Um aber einen Film zu machen, der nur 10 Millionen Dollar kostet, braucht man kein Studio mehr und gewinnt künstlerische Freiheit. Viele Filmemacher haben 2005 davon Gebrauch gemacht. Einige erstaunliche Filme sind so entstanden.

„Syriana“ ebenso wie „North Country“ und „Good Night, and Good Luck“ wurden von der Produktionsfirma des eBay-Mitgründers Jeff Skoll teilfinanziert. Über die Webseite www.participant.com hat er Kampagnen zu „Syriana“ (um die Abhängigkeit Amerikas vom Erdöl zu verringern) und zu „North Country“ gegen häusliche Gewalt finanziert. „Brokeback Mountain“, der außer der schönen Berglandschaft ein in jeder Hinsicht hässliches Amerika zeigt, wurde zum Teil vom „Minnesota Twins“-Eigentümer Bill Pohlad finanziert, und „L.A. Crash“, der das Thema Rassismus in Los Angeles thematisiert, von dem Immobilienmakler Bob Yari.
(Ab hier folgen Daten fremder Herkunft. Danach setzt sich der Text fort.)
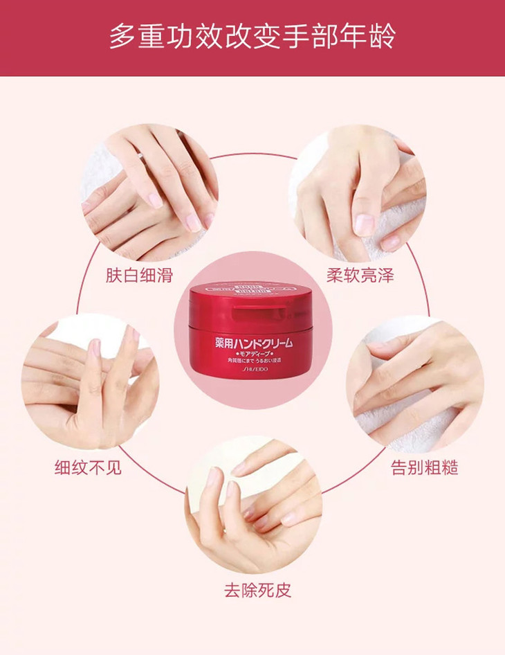 3、功效:日本护手霜销量排名第一"Shiseido资生堂尿素护手霜",资生堂这款护手霜在日本同类产品里可谓名声大赞,性价比极高。别被“尿素”这个难听的名称吓坏了,其实老一辈都知道这个药用成分可是护肤利器。不仅可以保湿滋润,而且手足龟裂伤口都可以在短时间内修复完好,尤其是碰上换季和天气寒冷~用后特别滋润保湿而不会油油的。
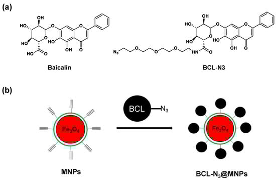 Assembling of baicalin functionalized magnetic nanoparticles (MNPs). (a) Chemical structure of baicalin and BCL-N3; (b) Schematics of magnetic nanoparticles modified with BCL-N3.

Noah Baumbachs „The Squid and the Whale“ (Filmstart in Deutschland am 27. März) – war nominiert für den Preis des besten Original-Drehbuchs. Der Film hat 8,5 Millionen Dollar gekostet, die ausschließlich aus privater Quelle kamen, und hätte – spielte er nicht in New York – von Thematik und Machweise her in der Sowjetunion der 80er-Jahre gedreht worden sein können.

George Clooney, der zum ersten Mal in der Oscar-Geschichte in drei verschiedenen Kategorien nominiert war (er gewann den Preis für die beste Nebenrolle in „Syriana“ und war nominiert für das beste Drehbuch und die Regie in „Good Night, and Good Luck“), hat deshalb schon vor der Oscar-Verleihung gesagt, die Filmszene in Los Angeles habe sich völlig verändert. Jeder spreche auf einmal über Politik und wolle politische Filme machen.